Mike Maynard, Managing Director, Napier

In the first of a regular series of columns for EPDT, Mike Maynard, Managing Director of B2B tech communications agency, Napier, discusses what marketers can do better to communicate effectively with engineers.

As someone who moved from electronics engineering into marketing, I can get frustrated by colleagues who don’t understand engineers. It’s so common to see marketing teams treat engineers as if they were robots, solely focussed on designing systems, despite the truth being very different: engineers are much more interesting people!

Take a look at the 15 most popular stories on EPDT in August for example. As EPDT editor, Mark points out, they cover a wide range of topics, from the Apollo moon landings to smart gardens. Only four of them are about products: two technical articles and two news items.

A few years ago, it was hard to get information about new products, and life was easy for both marketers and publishers. Marketers simply issued a press release about a new product, preferably with an eye-catching photo, the publishers put it into a magazine and engineers were delighted to be able to learn about the latest innovation.

Today the world has changed. Information is now readily available on demand, so why bother learning about a topic or product until you need the information? Twenty years ago, it was common for engineers to browse through printed “product book” magazines (that were simply a collection of new product press releases) because it was the only way to keep up-to-date. Today, those publications don’t exist.

Chatting with friends who have remained engineers can be depressing. Marketers put huge amounts of time and effort into mailers and catalogues highlighting the latest products, and I know some of my friends don’t even open them before they are consigned to the bin. Of course, some people do open the packaging and buy the product: we can measure the impact of marketing, so we know when something works, even if there is a large amount of waste.

Looking at the most popular stories on EPDT, it becomes apparent that old-style marketing isn’t going to work because we’re all fighting for a very small piece of each engineer’s attention. In general, the stories engineers are reading are not about products, or even technology.
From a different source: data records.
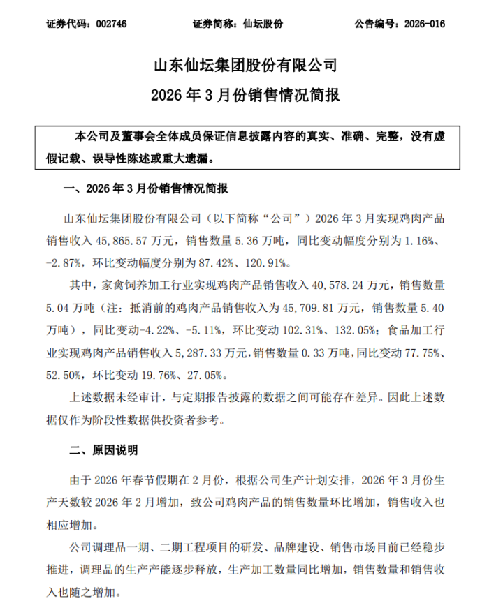 4月10日,仙坛股份(002746.SZ)发布了2026年3月份销售情况简报。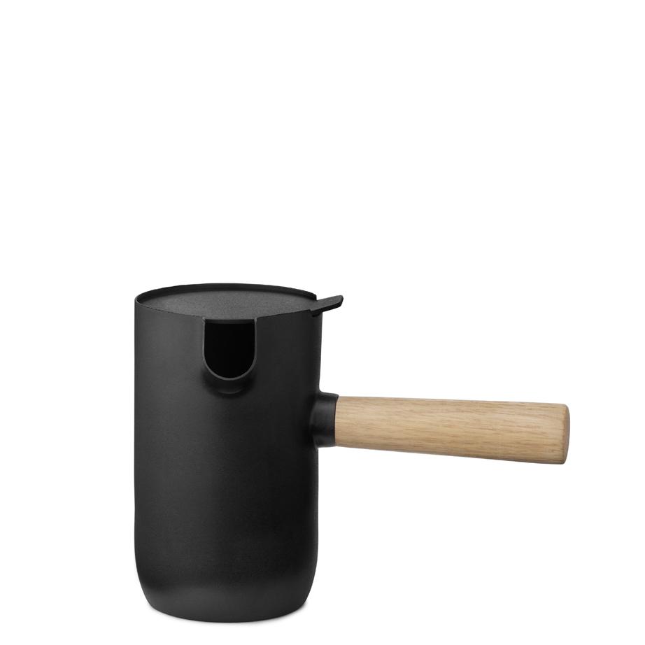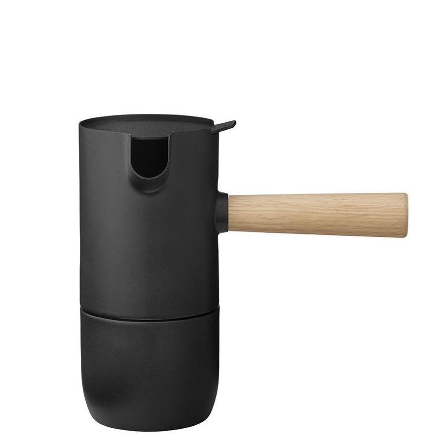 The Italian designers, Daniel Debiasi and Federico Sandri, created the Collar Coffee Collection for Stelton, reimagining the classic Italian stovetop espresso maker – or moka pot – with a Scandinavian feel. The two-part pot is made from stainless steel with a Teflon Coating for a soft touch and is accented by a long rubberwood handle. Make up to three cups of robust espresso and serve with the coordinating milk jug and sugar bowl.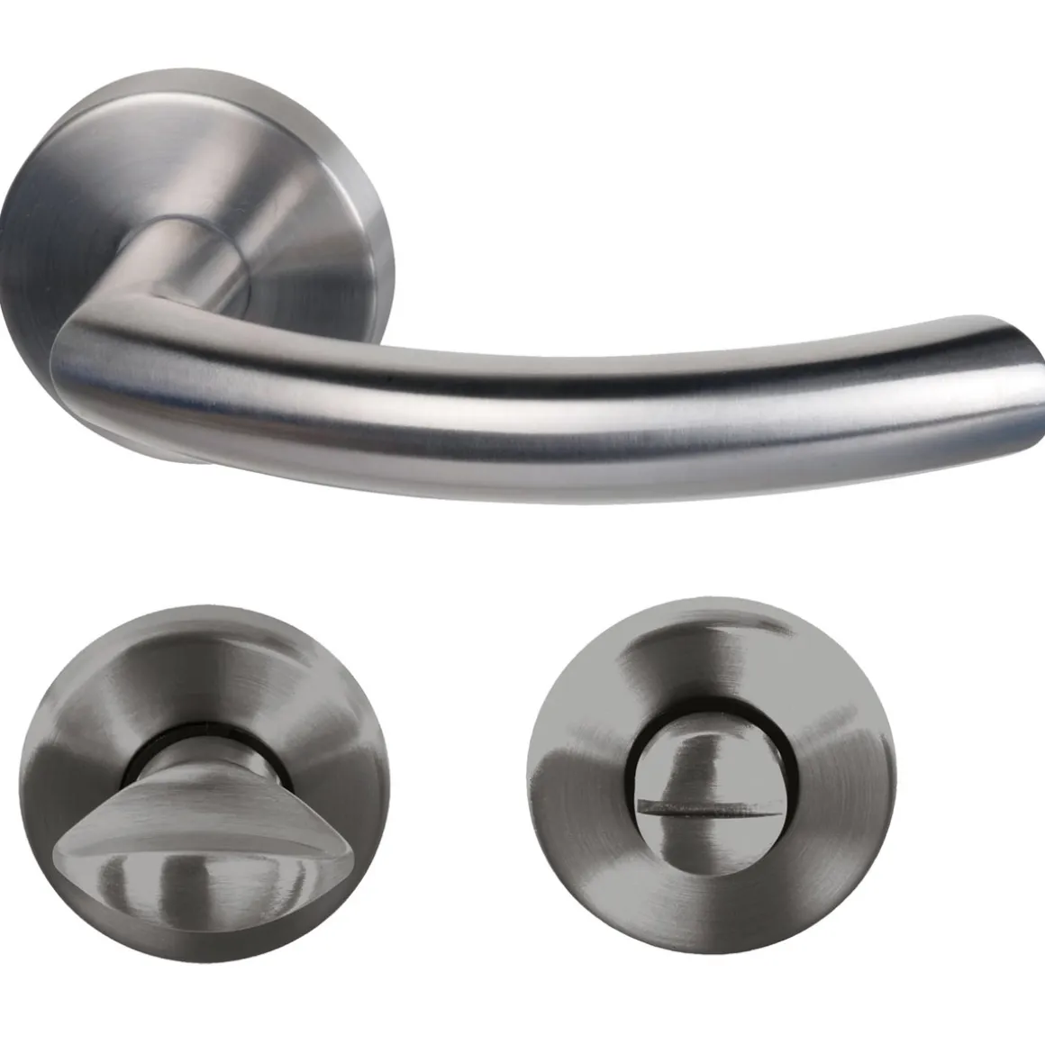 - Inklusive 1 Drückerpaar, 2 Drückerrosetten, 1 WC Rosettenpaar und 4 Durchzugsschrauben

The most popular category on EPDT in August is about issues: Brexit, use of facial recognition and the future of engineering in the UK. Stories about careers and education are almost as popular as those about the technology that engineers use in their designs, as are “general interest” stories about things such as smart gardens and the Apollo landings.

The on-demand world does mean that not all is lost: engineers will find information about products through searches and although the number of readers will be much smaller, they will all be looking for that type of product and likely to use one in their next design. I don’t think we should dump the product press release as it serves an important purpose in a search-driven world, but I do think as marketers we need to do a better job of engaging engineers.

I don’t want to portray the situation as all bad. Some marketers are being very creative: whether it’s educational campaigns or highlighting fun (sometimes crazy) applications of electronics, I frequently see great campaigns from a range of different companies. But we are not doing enough and the vast majority of marketing today is still about trying to tell engineers about new products and explain how they work in technical articles. This is such a small part of what engineers care about.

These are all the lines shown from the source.